1. Comparing only landed price. The EXW quote isn’t a landed price. It’s the goods at the seller’s gate. The landed price is what you actually pay, and on cylinder gas it always includes broker fees, dangerous-goods handling, and internal time.

2. Assuming the freight forwarder handles HMRC. A freight forwarder moves the goods. A customs broker files the entry. The two are sometimes the same company, sometimes not, and the contract you sign with each is different. If your forwarder isn’t explicitly contracted as your broker, you do not have a broker.

3. Ignoring the duty + VAT cash-flow. Even with Postponed VAT Accounting in place, duty is payable. On large-format consignments at year-end, that is real working capital tied up for the wrong reason.

4. Underestimating internal time. Every import the IOR processes is real hours from your logistics, finance, and ops teams. Six containers a year is a fortnight of cumulative internal time you didn’t have on the spreadsheet.

5. Underestimating compliance exposure. A misdeclared dangerous-goods entry is not a billing dispute. It is a regulatory matter, and the regulator’s counterparty is you, not your supplier.

If any one of these reads as new information, the EXW quote was not as cheap as it looked.

How BCC Operates DDP

BCC operates as importer of record where applicable for UK and EU foodservice buyers purchasing through our container and pallet order channels. That means the customs declaration is filed under our footprint, the broker is contracted by us, the duty and import VAT are settled by us, and the documentation set is delivered to your warehouse with the goods.

The qualification process — what we ask for from buyers before opening a wholesale account — is documented on the wholesale qualification page.
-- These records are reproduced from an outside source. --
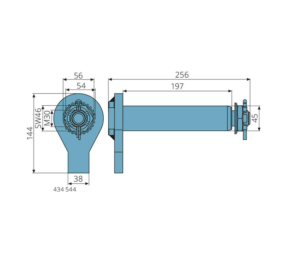 45x256mm, lower cylinder bolt, with washer, cotter pin & nut, induction hardened, type LIEBHERR, OEM no. 9340755
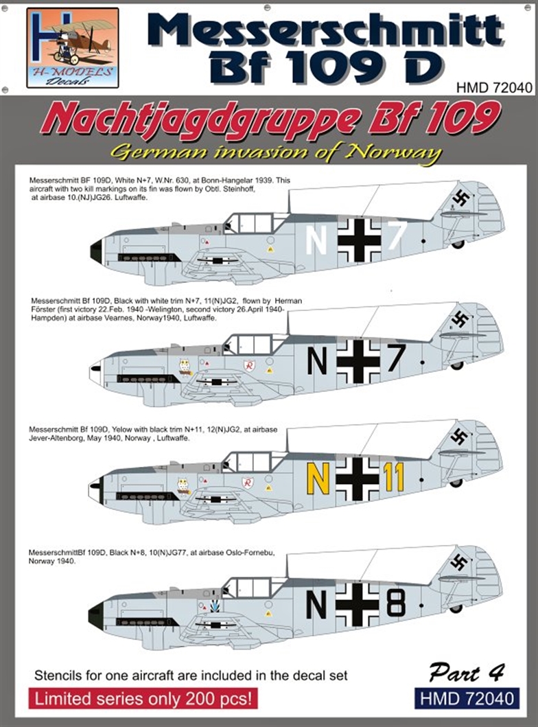 HM DECALS - 1/72 Decals Bf 109D German invasion of Norway
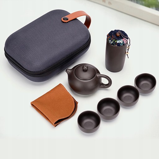 - Повний чайний набір включає чайник, 4 чашки, рушник для чищення, каністру для чаю та сумку для транспортування.
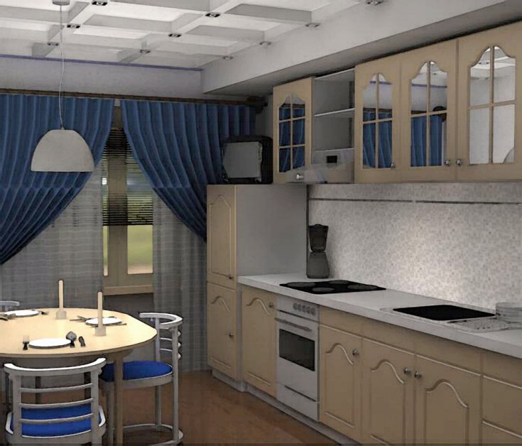 Если интерьер кухни 8 метров предполагает высокие потолки, то, чтобы скрыть коммуникации и удобно вмонтировать осветительные приборы, вполне можно создать потолочную конструкцию из гипсокартона.

The documentation we provide on every delivery is itemised on the quality documentation page. The brand-by-brand procurement decision (Smartwhip vs Cream Deluxe vs Fastgas) sits in the brand decision framework, and the underlying food-grade supplier credentials are on the food-grade N2O supplier UK pillar.
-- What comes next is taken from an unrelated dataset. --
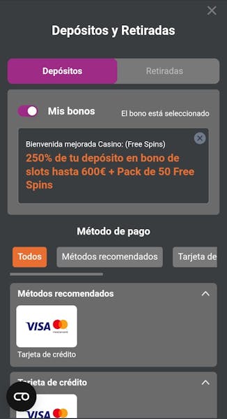 📝 Recuerda asegurarte de depositar el mínimo necesario, que en este caso para el bono de bienvenida es de 20 euros.

We do not offer EXW as a default on cylinder gas to UK or EU foodservice buyers. The reasons are in the article you’ve just read.

Next Step

If you’ve been quoted EXW or FCA on cream chargers or N2O tanks and you want a clean DDP comparison — landed cost, documentation set, lead time, payment terms — start with the qualification page. It takes about five minutes and tells us what we need to know to quote properly.

If you’re already in conversation with us, send the EXW quote across. We will walk through it line by line and tell you, honestly, where the gap is real and where it isn’t.

And if you’re the buyer who has read all of this and decided you would genuinely like to run the import yourself — fair enough. That is a real and defensible choice for some operations. We are equally happy to sell on FCA terms to buyers who have built that capability deliberately. The point of this guide is not to insist on DDP. It is to make sure the choice is made with eyes open, on a full cost comparison, not a headline number.

The Tuesday afternoon at the port is a real Tuesday afternoon. It belongs to whoever signed the IOR line.